Supplied entries Block Start

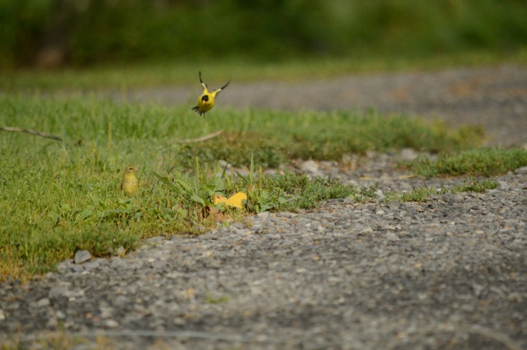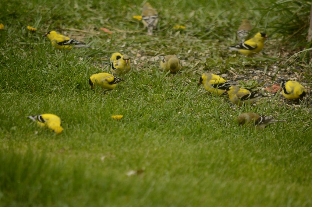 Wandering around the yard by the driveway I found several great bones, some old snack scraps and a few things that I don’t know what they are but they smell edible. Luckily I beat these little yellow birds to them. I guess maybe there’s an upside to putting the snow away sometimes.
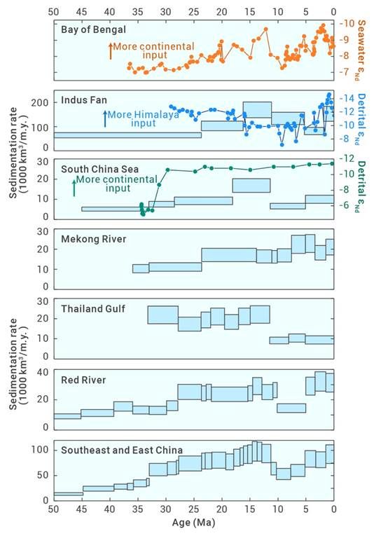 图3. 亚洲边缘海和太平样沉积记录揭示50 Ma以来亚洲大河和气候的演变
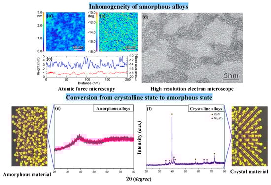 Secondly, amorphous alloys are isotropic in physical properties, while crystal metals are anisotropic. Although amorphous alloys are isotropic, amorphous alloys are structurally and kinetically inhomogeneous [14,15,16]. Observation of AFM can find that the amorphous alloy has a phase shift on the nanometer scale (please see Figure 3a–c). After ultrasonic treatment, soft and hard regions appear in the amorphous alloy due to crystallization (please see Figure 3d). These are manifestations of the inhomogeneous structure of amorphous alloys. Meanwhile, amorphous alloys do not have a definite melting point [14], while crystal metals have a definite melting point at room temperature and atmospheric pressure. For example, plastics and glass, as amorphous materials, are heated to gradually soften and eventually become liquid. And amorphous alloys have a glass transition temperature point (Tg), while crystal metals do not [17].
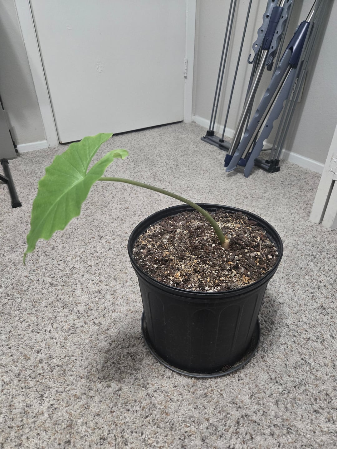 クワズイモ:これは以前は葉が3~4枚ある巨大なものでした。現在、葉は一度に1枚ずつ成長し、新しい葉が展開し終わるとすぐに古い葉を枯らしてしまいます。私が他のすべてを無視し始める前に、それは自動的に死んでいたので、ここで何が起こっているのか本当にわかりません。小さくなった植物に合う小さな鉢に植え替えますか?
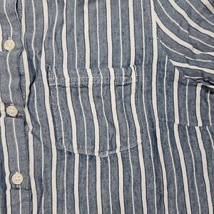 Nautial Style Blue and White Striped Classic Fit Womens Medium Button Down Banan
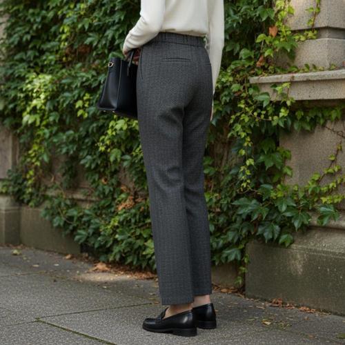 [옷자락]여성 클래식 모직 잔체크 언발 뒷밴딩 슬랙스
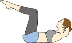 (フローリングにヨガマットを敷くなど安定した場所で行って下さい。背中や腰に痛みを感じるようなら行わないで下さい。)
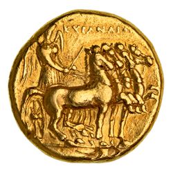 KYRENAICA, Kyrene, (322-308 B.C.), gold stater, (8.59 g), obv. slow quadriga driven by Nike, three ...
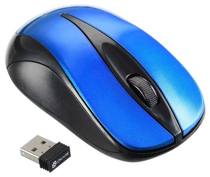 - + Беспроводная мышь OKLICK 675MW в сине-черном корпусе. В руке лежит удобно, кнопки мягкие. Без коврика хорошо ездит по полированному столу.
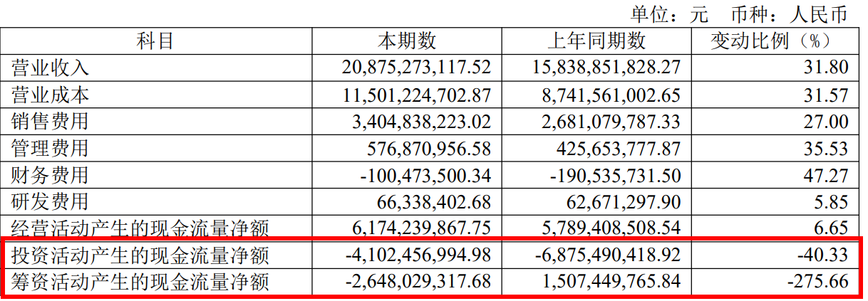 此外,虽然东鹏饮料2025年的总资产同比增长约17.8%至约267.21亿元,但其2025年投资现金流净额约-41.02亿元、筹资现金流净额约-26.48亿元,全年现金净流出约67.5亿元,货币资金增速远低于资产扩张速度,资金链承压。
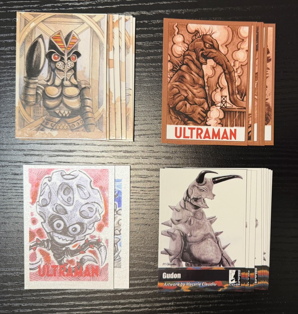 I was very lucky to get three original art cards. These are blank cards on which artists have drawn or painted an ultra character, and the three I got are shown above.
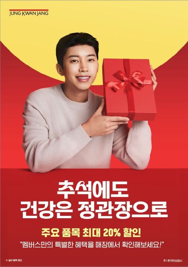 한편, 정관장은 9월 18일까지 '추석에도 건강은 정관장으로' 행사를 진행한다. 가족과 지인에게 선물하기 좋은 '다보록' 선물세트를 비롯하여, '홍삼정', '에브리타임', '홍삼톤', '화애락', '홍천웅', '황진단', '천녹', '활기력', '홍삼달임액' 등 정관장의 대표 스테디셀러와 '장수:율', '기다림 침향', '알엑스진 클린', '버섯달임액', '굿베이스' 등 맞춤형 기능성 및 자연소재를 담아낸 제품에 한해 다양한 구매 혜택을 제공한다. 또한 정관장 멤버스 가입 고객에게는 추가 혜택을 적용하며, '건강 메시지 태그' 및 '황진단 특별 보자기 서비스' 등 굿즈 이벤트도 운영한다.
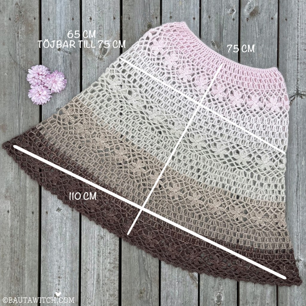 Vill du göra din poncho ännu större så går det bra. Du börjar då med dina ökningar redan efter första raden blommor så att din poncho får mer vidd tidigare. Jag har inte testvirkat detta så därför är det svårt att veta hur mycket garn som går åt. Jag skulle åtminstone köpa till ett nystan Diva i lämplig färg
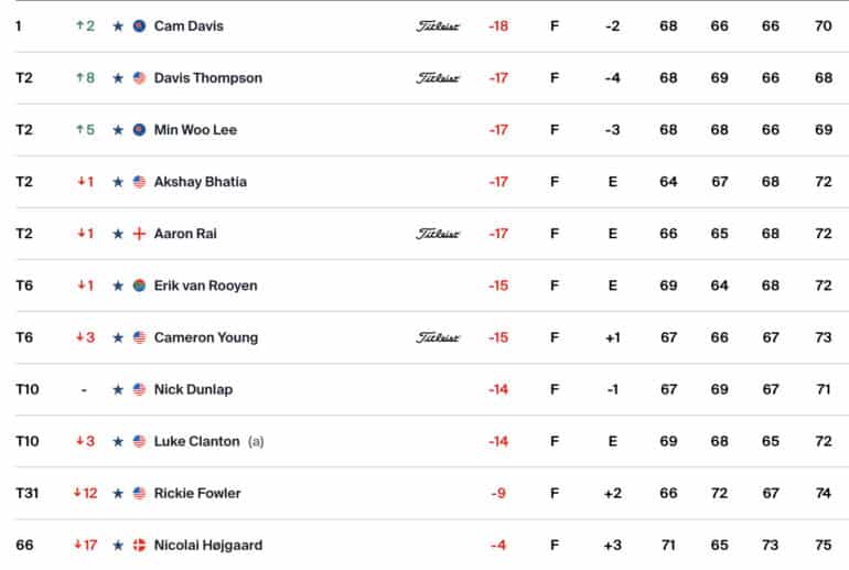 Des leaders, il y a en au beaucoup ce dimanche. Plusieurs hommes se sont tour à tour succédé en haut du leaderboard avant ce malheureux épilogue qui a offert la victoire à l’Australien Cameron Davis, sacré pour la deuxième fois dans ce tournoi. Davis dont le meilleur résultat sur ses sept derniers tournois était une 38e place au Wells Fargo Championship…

Supplied entries Block End

**Your task:**
Although the records above contain pictures, the copy must not; set down exactly the lines from the one with "(フローリングにヨガマットを" up to and including the one with "此外,虽然东鹏饮料2025年".

**Reply:**
 (フローリングにヨガマットを敷くなど安定した場所で行って下さい。背中や腰に痛みを感じるようなら行わないで下さい。)
 KYRENAICA, Kyrene, (322-308 B.C.), gold stater, (8.59 g), obv. slow quadriga driven by Nike, three ...
 - + Беспроводная мышь OKLICK 675MW в сине-черном корпусе. В руке лежит удобно, кнопки мягкие. Без коврика хорошо ездит по полированному столу.
 此外,虽然东鹏饮料2025年的总资产同比增长约17.8%至约267.21亿元,但其2025年投资现金流净额约-41.02亿元、筹资现金流净额约-26.48亿元,全年现金净流出约67.5亿元,货币资金增速远低于资产扩张速度,资金链承压。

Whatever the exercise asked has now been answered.